Many people interviewed by Civil Beat said controversy around the state’s proposals for the marsh is largely due to poor communication between community members and state officials.
A Nov. 30 community meeting focusing on the marsh drew more than 100 people who electronically submitted more than 200 questions. State Sen. Laura Thielen, who represents Kailua, said that many of those queries have not been addressed.
“The department needs to answer the questions that have been raised repeatedly in public meeting after public meeting that, to date, have not been answered,” Thielen said.
Smith defended the department’s transparency and community outreach, saying that four public meetings have been held this year. He said the community can expect answers to the questions from the Nov. 30 meeting by next month.
He blamed much of the criticism of the state’s plan on a misunderstanding about what it proposes and a general dislike of tourism. Kailua’s neighborhood board passed a resolution earlier this year that asked the state tourism authority to stop promoting the town as an alternative to Waikiki.

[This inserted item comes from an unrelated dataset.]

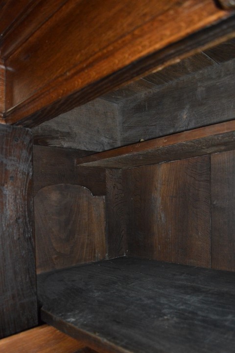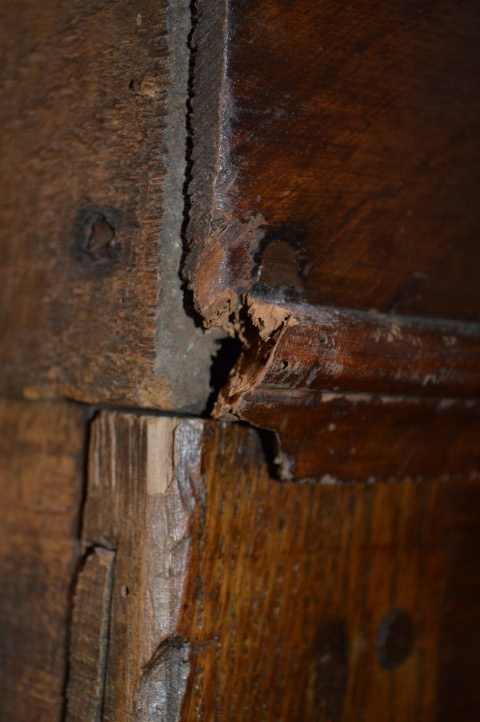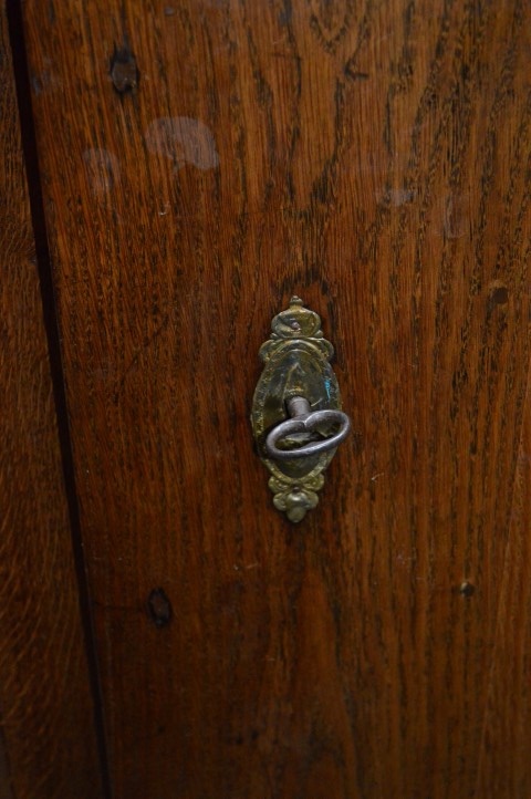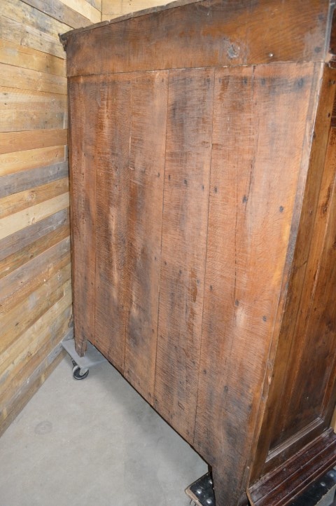 Natuurlijk heeft deze schitterende linnenkast, die al een eeuw lang gebruikt is, gebruikssporen. De kast is behandeld tegen houtworm.

“I don’t think that we should be so afraid of tourism that we’re not willing to do anything at all,” Smith said.
He emphasized that the master plan is just a guideline for how the land will be used; it doesn’t guarantee that the development will happen.

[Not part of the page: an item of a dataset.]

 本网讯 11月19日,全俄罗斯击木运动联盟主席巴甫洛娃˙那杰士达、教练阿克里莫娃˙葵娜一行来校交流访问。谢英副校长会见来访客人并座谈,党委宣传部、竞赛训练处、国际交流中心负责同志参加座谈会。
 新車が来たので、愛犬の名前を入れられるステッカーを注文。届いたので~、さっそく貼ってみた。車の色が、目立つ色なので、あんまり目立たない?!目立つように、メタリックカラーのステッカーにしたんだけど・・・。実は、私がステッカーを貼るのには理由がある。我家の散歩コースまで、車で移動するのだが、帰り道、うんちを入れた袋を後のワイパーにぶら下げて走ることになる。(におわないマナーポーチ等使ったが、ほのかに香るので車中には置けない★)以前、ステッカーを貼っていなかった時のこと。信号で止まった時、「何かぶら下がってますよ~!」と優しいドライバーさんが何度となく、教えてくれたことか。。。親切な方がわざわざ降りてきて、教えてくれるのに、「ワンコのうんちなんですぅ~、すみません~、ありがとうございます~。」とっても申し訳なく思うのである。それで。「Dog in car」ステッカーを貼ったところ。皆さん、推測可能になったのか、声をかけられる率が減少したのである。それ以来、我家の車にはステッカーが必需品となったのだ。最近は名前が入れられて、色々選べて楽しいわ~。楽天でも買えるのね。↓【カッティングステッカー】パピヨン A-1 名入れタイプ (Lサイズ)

Smith said he doubts that all the proposed structures will be built, explaining that the 1994 plan, which included a visitors’ center, wasn’t fully carried out. He also noted that his department’s budget is less than 1 percent of the state’s budget.
“We’re not going to build anything we can’t take care of,” he said.
Regardless of what the state’s master plan is called, community members say, they’re not happy with it.
“What do you want to call it a plan or a guideline, the bottom line is it doesn’t reflect all the voices of the community,” said Douglas Dudevoir, a member of Kailua’s neighborhood board.
In some ways, Smith noted, that’s true.
“Some of the people are getting stuff they want and some aren’t,” he said. “That’s because they’re diametrically opposed.”
But the process is far from over. The state is hoping to complete a draft environmental impact statement by next fall and Smith intends to continue to meet with community members to discuss the details of the proposal and see if they can find some middle ground.
That’s a sign of hope to residents like Pauline MacNeil from the LaniKailua Outdoor Circle.
“The plan that was presented to the public looks like it was already a done deal,” she said. “The state says this is open to revision? We are going to take the state at their word.”